• [WHAT IS BEING ASKED]
Images should be left out, and everything else in the listing reproduced exactly.
-------- DATA SHOWN --------
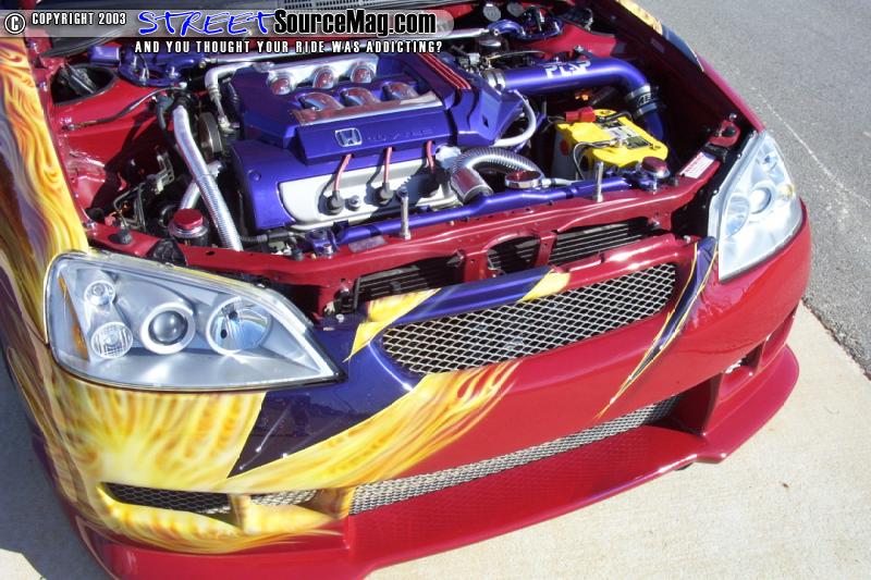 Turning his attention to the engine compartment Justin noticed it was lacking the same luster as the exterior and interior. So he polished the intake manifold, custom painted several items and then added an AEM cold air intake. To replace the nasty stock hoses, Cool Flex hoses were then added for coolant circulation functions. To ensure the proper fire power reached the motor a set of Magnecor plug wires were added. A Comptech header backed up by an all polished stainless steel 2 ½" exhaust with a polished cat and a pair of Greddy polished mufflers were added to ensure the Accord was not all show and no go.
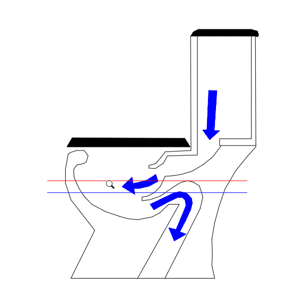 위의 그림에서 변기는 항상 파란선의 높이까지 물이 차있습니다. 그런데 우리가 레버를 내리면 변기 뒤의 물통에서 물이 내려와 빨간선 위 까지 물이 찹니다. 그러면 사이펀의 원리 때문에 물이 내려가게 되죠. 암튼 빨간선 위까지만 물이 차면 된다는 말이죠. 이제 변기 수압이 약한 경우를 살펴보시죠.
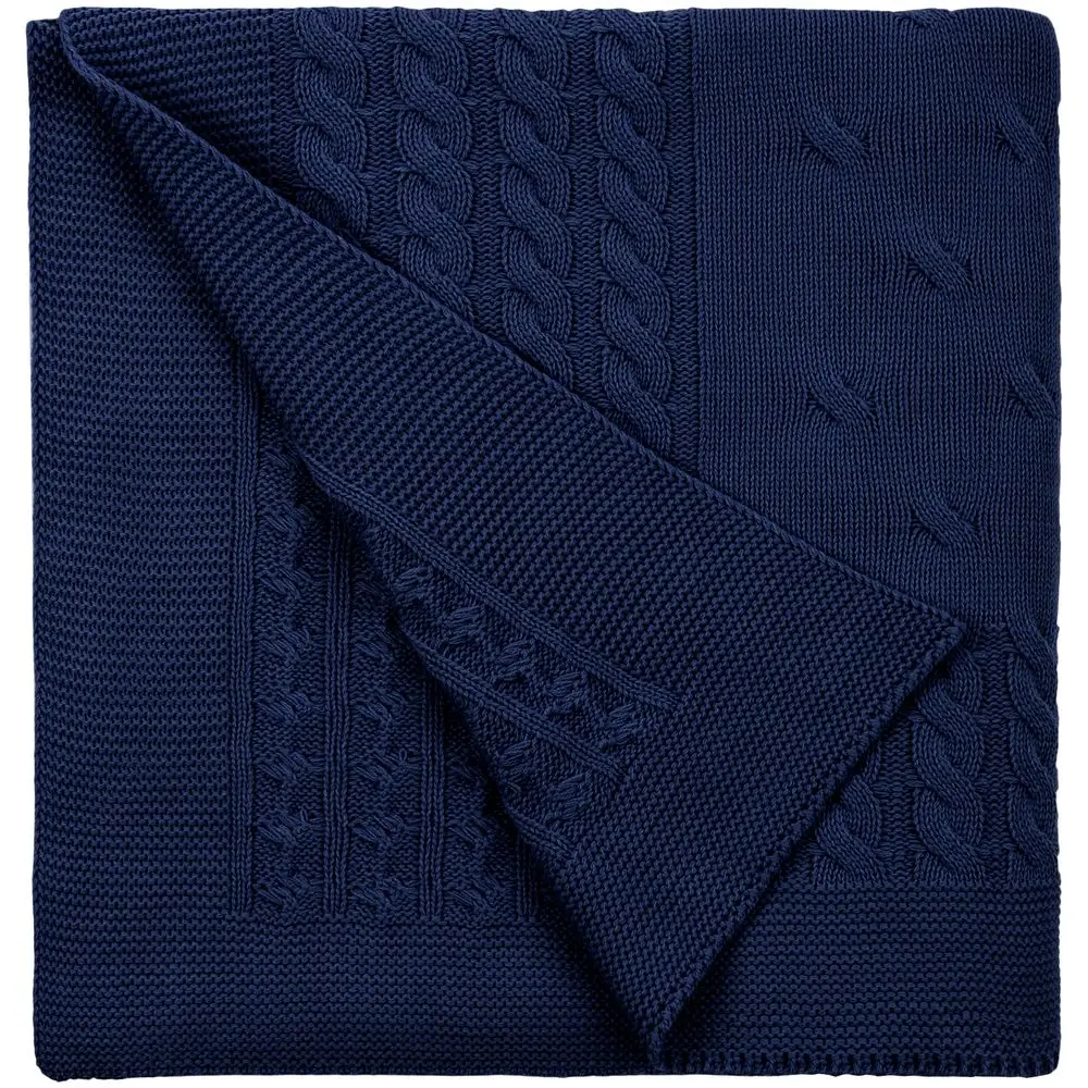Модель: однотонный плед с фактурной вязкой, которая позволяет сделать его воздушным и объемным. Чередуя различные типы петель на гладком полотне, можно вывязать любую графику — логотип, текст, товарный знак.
--------
• [THE ANSWER]
 Turning his attention to the engine compartment Justin noticed it was lacking the same luster as the exterior and interior. So he polished the intake manifold, custom painted several items and then added an AEM cold air intake. To replace the nasty stock hoses, Cool Flex hoses were then added for coolant circulation functions. To ensure the proper fire power reached the motor a set of Magnecor plug wires were added. A Comptech header backed up by an all polished stainless steel 2 ½" exhaust with a polished cat and a pair of Greddy polished mufflers were added to ensure the Accord was not all show and no go.
 위의 그림에서 변기는 항상 파란선의 높이까지 물이 차있습니다. 그런데 우리가 레버를 내리면 변기 뒤의 물통에서 물이 내려와 빨간선 위 까지 물이 찹니다. 그러면 사이펀의 원리 때문에 물이 내려가게 되죠. 암튼 빨간선 위까지만 물이 차면 된다는 말이죠. 이제 변기 수압이 약한 경우를 살펴보시죠.
Модель: однотонный плед с фактурной вязкой, которая позволяет сделать его воздушным и объемным. Чередуя различные типы петель на гладком полотне, можно вывязать любую графику — логотип, текст, товарный знак.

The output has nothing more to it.